* **What to work on**
A verbatim copy is needed of the lines below from the one containing "2、尚赫600元开店是什么意思啊" up to and including the one containing "活动期间,击杀boss有概率", excluding pictures.

* **Provided material**
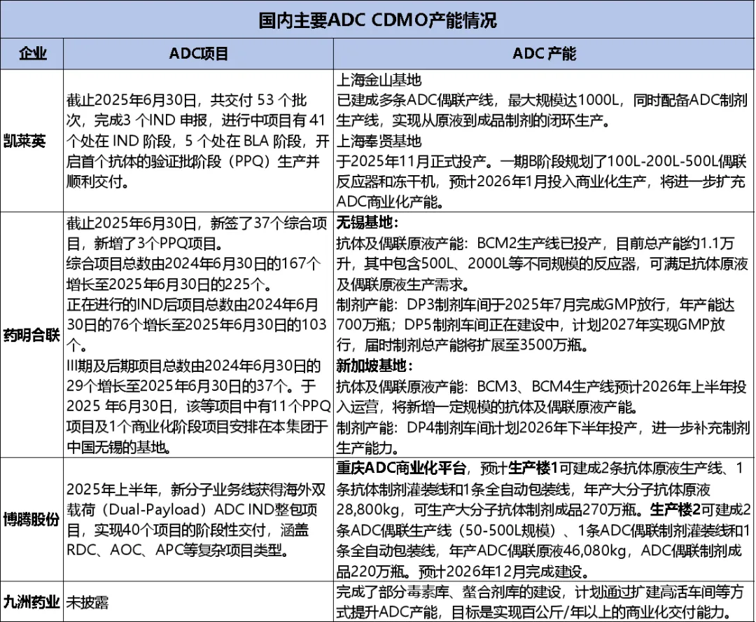 从产能情况来看,药明合联无锡基地目前抗体及偶联原液产能总产能约1.1万升,制剂总产能将计划在2027年扩展至3500万瓶。新加坡基地预计于2026你拿上半年投入投入运营。制剂方面也将在26年下半年进一步补充产能。其具备全链条一体化能力,是ADC CDMO领域“全能型选手”。
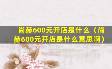 2、尚赫600元开店是什么意思啊
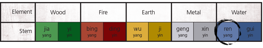 Before discussing Wu Yun Liu Qi, you will need a basic understanding of the traditional solar-lunar calendar Cosmic Stems Earthly Branches (天干地支 Tiān gān dì zhī). Let’s start with this year, 2022. The Tian Gan Di Zhi calendar indicates that 2022 is a Yang Water year, called Ren Yin. The names of each year can be calculated with a chart like this:
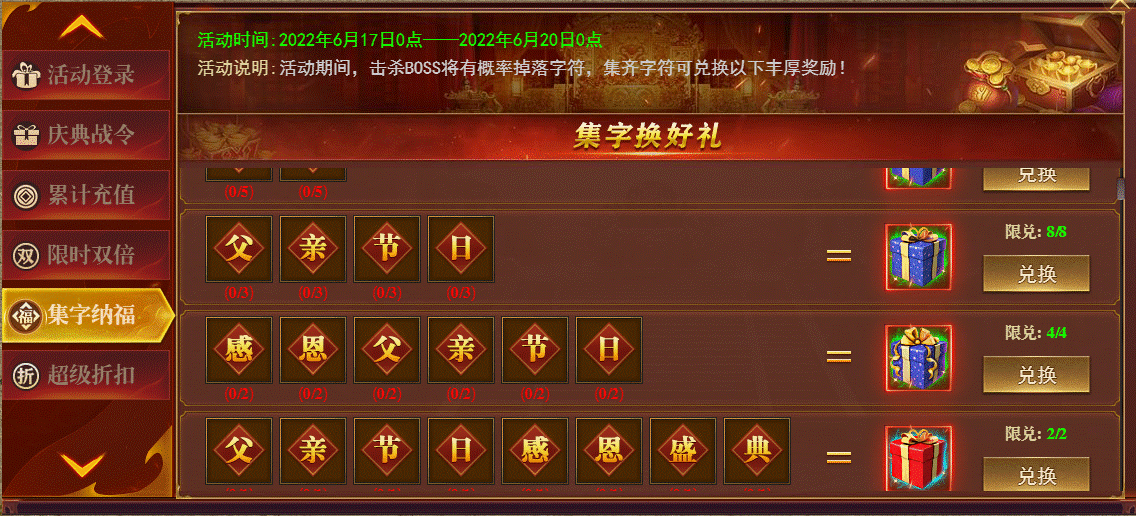活动期间,击杀boss有概率掉落字符和父亲节道具,集齐道具即可兑换下面各种丰厚奖励!
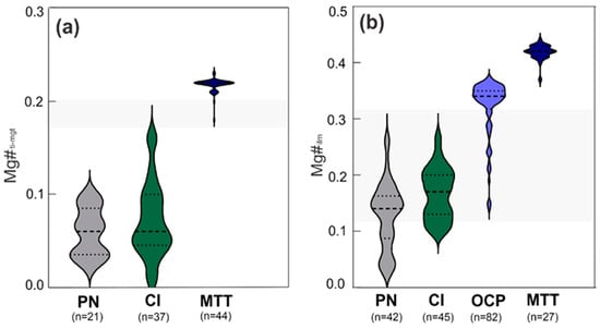 Mg# index of Ti-magnetite and ilmenite from OCP, MTT, CI and other PN intrusions. The grey field represents analyses with equivalent Mg# to other PN intrusions. (a) Mg# in Ti-magnetite. (b) Mg# in ilmenite. Abbreviations: OCP—oxide-rich clinopyroxenites, MTT—magnetitites, CI—Central Intrusion.
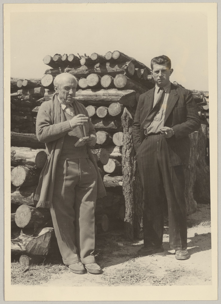 Pablo et Paul Picasso dans la cour de l'atelier de Madoura, Vallauris, entre [1947 et 1953]
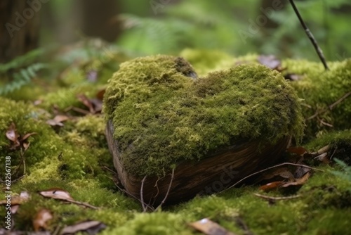 Obraz premium Heart stone moss. Generate Ai
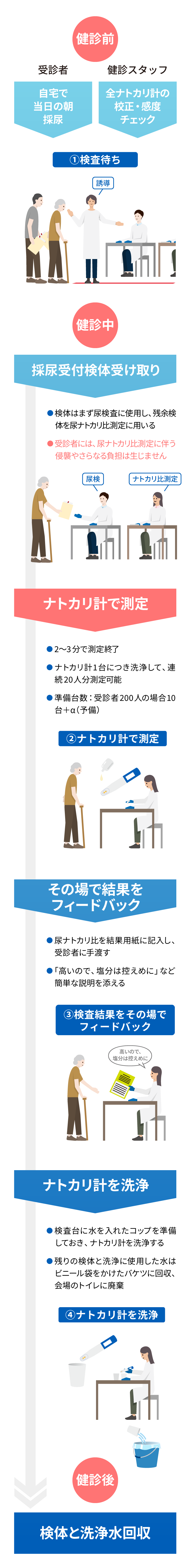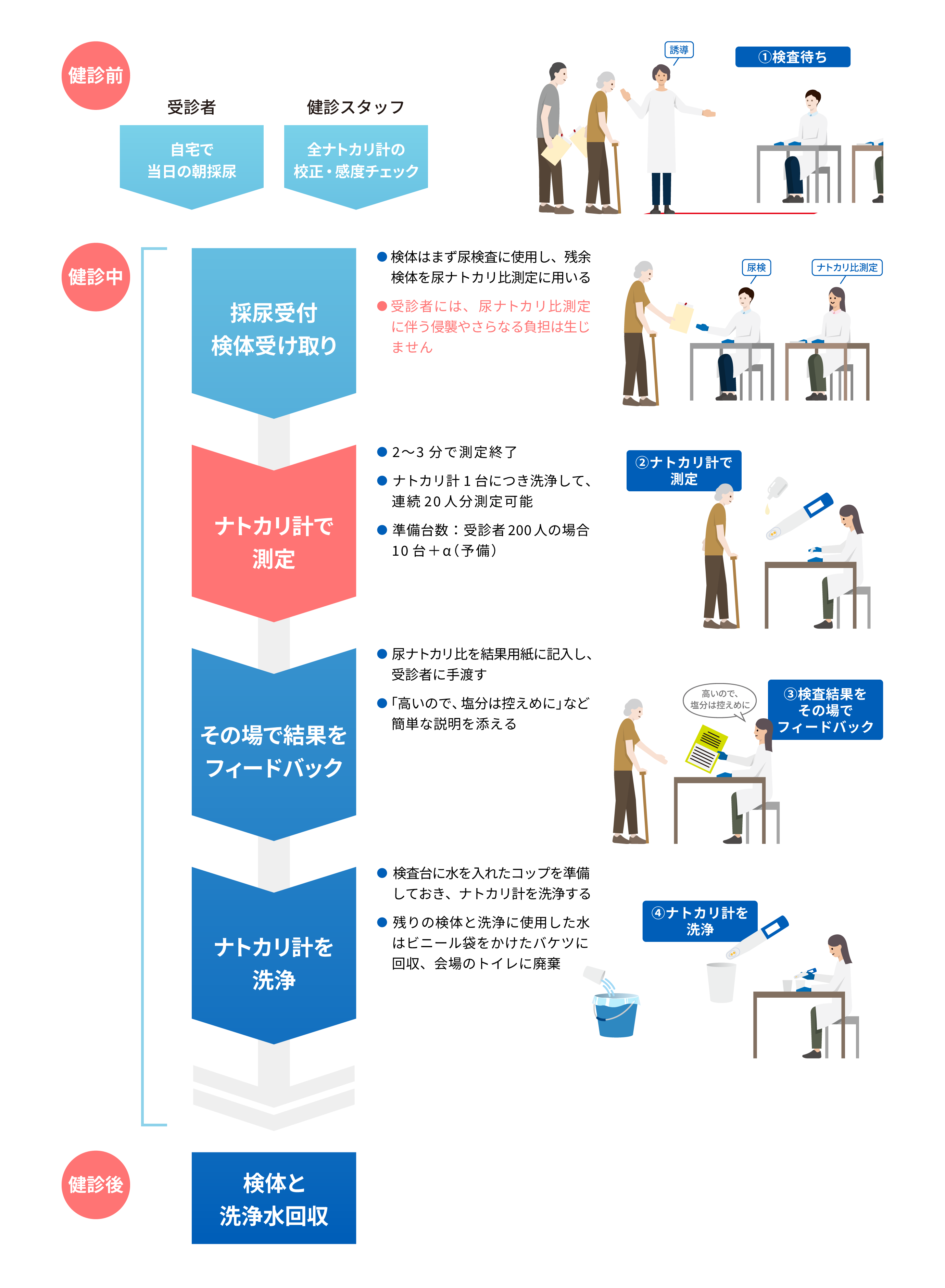 健診会場では住民同士の会話が広がり、減塩やカリウム摂取増加の工夫が自然に共有されていました。尿ナトカリ比測定は健診の流れに溶け込み、受診者へのさらなる負担はほとんどなく、会場のスペースと少人数のスタッフを確保できれば、運用はさほど難しくありません。登米市などの宮城県の取り組み結果から、尿ナトカリ比測定を健診会場などに取り入れることは、住民のみなさまの血圧改善と健康づくりにつながるものと期待しています。

* **Exercise solution**
 2、尚赫600元开店是什么意思啊
 Before discussing Wu Yun Liu Qi, you will need a basic understanding of the traditional solar-lunar calendar Cosmic Stems Earthly Branches (天干地支 Tiān gān dì zhī). Let’s start with this year, 2022. The Tian Gan Di Zhi calendar indicates that 2022 is a Yang Water year, called Ren Yin. The names of each year can be calculated with a chart like this:
活动期间,击杀boss有概率掉落字符和父亲节道具,集齐道具即可兑换下面各种丰厚奖励!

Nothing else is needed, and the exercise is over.